Vision

Vision is the by far most important aspect of the robot's perception. The NAO has two cameras, one on the top and one on the bottom of the head, which both can operate at a resolution of 640x480 at 30 fps or at 2560x1080 at 1fps. For more details, have a look at the documentation by Aldebaran.

The vision cycler runs twice in two separate threads to process the images from the top and bottom camera in parallel.

Image resolution is determined by the hardware interface and is currently set to 640x480 pixels, since the higher refresh rate is more important than the higher resolution and to decrease the required processing power. Most of the vision pipeline happens on a segmented version of the image, to decrease required processing power even further.

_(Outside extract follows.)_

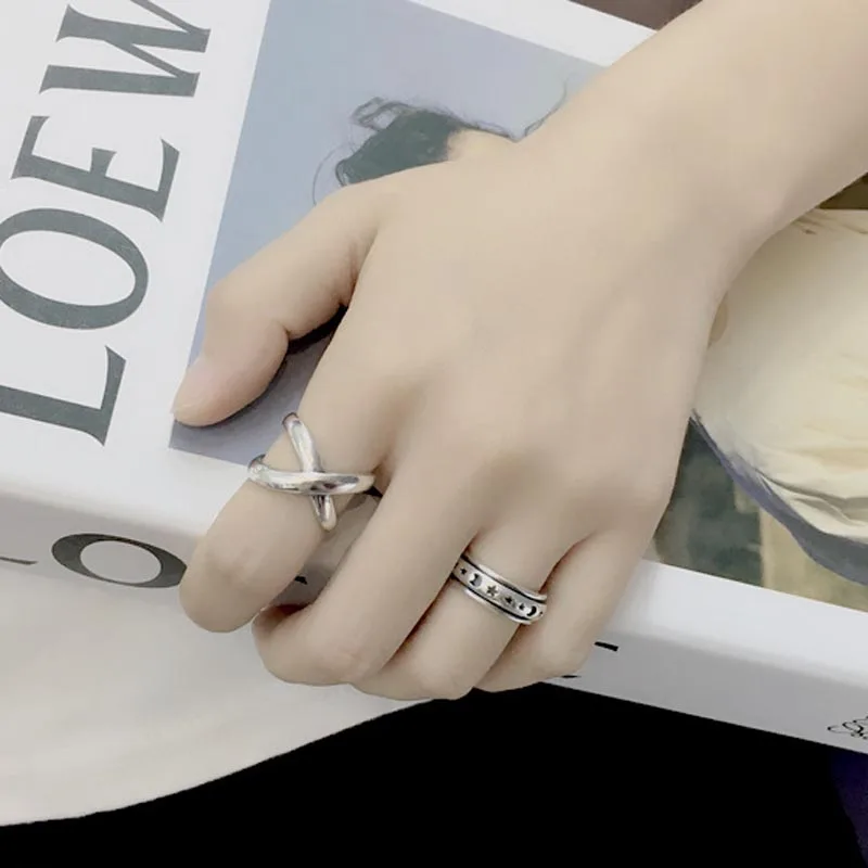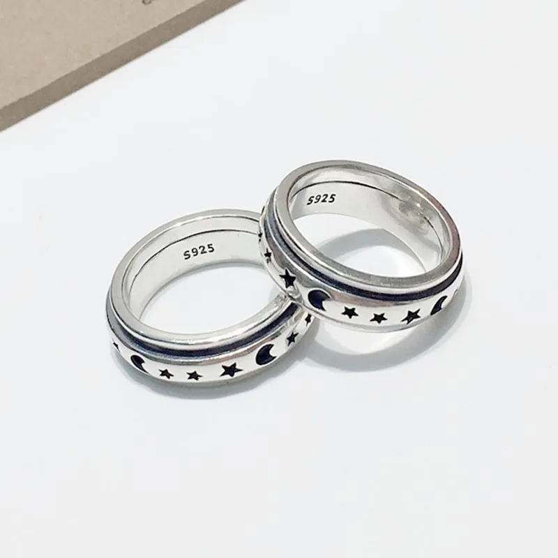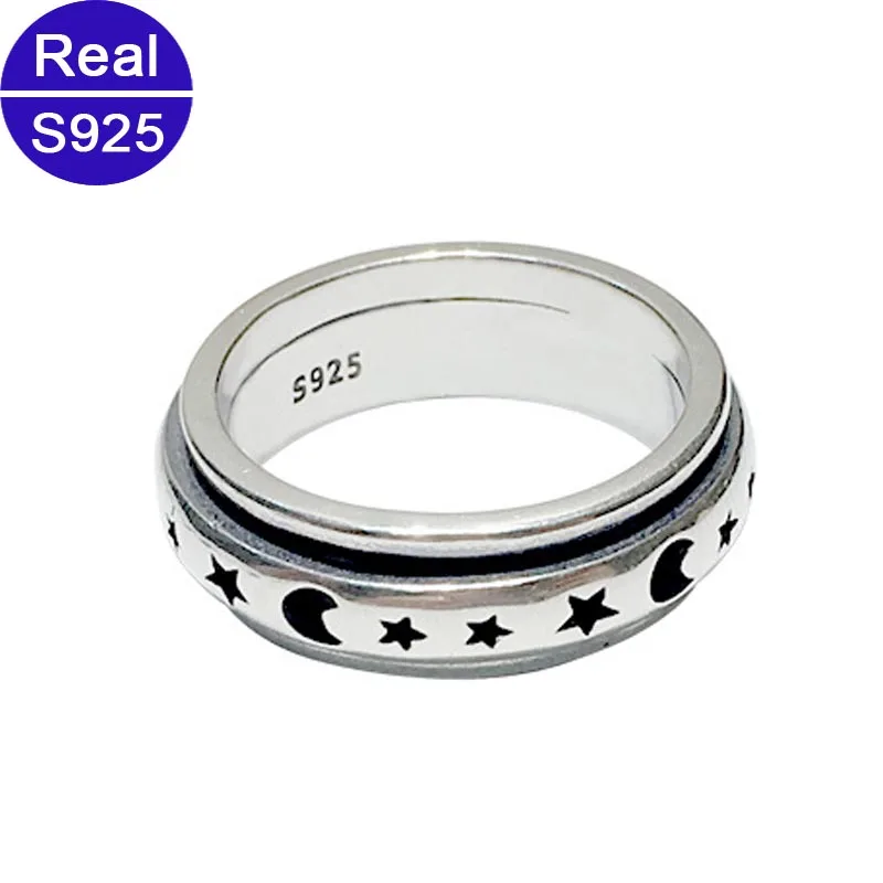 Женское Винтажное кольцо-Спиннер из серебра 925 пробы, с Луной и звездами

Each cycler starts by waiting for the hardware interface to deliver it's respective camera image and then begins to execute the pipeline.

Note

Some less important nodes are not mentioned here. To see the complete list, have a look in the vision crate in the source code or in the hulk_manifest, where all cyclers are defined and configured.

Image Segmenter

The first major node in the vision pipeline is the image segmenter. It iterates through the image and merges vertically adjacent pixels that are similar. This reduces the amount of elements subsequent nodes have to process. Instead of 480 pixels, each vertical scan line is reduced to just a dozen or so segments, depending on the image. A stride can be set to only generate scanlines for every n-th pixel column. Furthermore, segments which are above the horizon or overlap the robots limbs are discarded, resulting in a sparse image.

Each segment contains it's location, color, edge types, and a pre-calculated classification of field color intensity.

Image Segments Debug View

OverviewDetails: Image BorderDetails: Limbs Border

• red border: rising edge
• blue border: falling edge
• golden border: image border

• red border: rising edge
• blue border: falling edge
• black border: limb border

Image source

All images are taken from the game HULKs vs. SPQR, 2024-07-20 at RoboCup 2024 in Eindhoven.

Field Border Detection

Estimates the location of the upper field border in the image by finding the first pixels from the top that are roughly field-colored and fitting a line through them.

Image Debug View with Field Border Overlay

• pink line: field border
• blue points: candidates

Segment Filter

The image segments are further reduced by removing all segments that are considered field color to only preserve relevant features. Segments above the field border are also removed.

Line Detection

Using the filtered segments, field lines are detected by looking for white segments of appropriate length. For each segment the brightness gradient at each end is calculated using the Sobel operator. The segment is discarded if the gradients are not sufficiently steep upwards and downwards, i.e. the segment borders do not lie on opposite flanks of a field line.

The center of each remaining segment is then used in a RANSAC line fitting algorithm. Found lines are projected onto the ground and then checked against those found previously to see if they are either parallel or orthogonal to each other.

Image Debug View with Line Overlay

• blue lines: detected lines
• yellow lines: discarded lines
• red circles: segment centers
• blue dots: rising edges of candidate segments
• red dots: falling edges of candidate segments

Perspective Grid Candidate Provider

This node generates candidates for the Ball Detection. Starting from the bottom of the image, rows of circles are generated where the circle size matches the projected ball in the row's center. Candidates are only generated when the center of at least one filtered segment is inside the candidate circle's bounding box.

Ball Detection

For each perspective grid candidate a series of artificial neural networks is used to determine whether it contains a ball as well as the balls location and radius. First, a slightly larger sample centered around the candidate is extracted from the raw image. This sample is scaled up or down to 32x32 pixels, regardless of the size in the raw image.

The first neural network to run on the image is called the "preclassifier", which is a small but cheap model to quickly filter out candidates that are clearly not a ball.

If the preclassifier claims to have found a ball, a larger and more accurate network, the "classifier", is executed to decide whether the candidate contains a ball or not.

Once the classifier finds a ball, a third neural network, the "positioner", is used to determine the location and size of the ball within the sample. These values are then transformed back into the coordinate frame of the image and then projected onto the field to determine the final location of the detected ball.

Todo

Clustering

Image Debug View

• blue circles and boxes: candidates from the perspective grid
• green circle: positioner network output
• red circle: current ball model, see filters

Ball Candidates Debug View

Ball Candidates debug view showing the 32x32 pixel samples used by the preclassifier.

Feet Detection

For detecting robots, a clustering algorithm iterates over each vertical scanline of the filtered image segments, ignoring segments that have been previously used by the ball detection or line detection. The last (bottom most) cluster border in each scanline is then projected to the ground and clustered using the distance between each new cluster point and the cluster mean. These clusters are then filtered again for a minimum cluster width and a minimum number of points in the cluster.

A major disadvantage of this approach is that it relies heavily on the number of segments and their size, which is influenced by lighting conditions and vision tuning. On the other hand, it is very lightweight and can be quite effective if properly tuned.

• red dots: cluster points
• yellow ellipses / circles: detected feet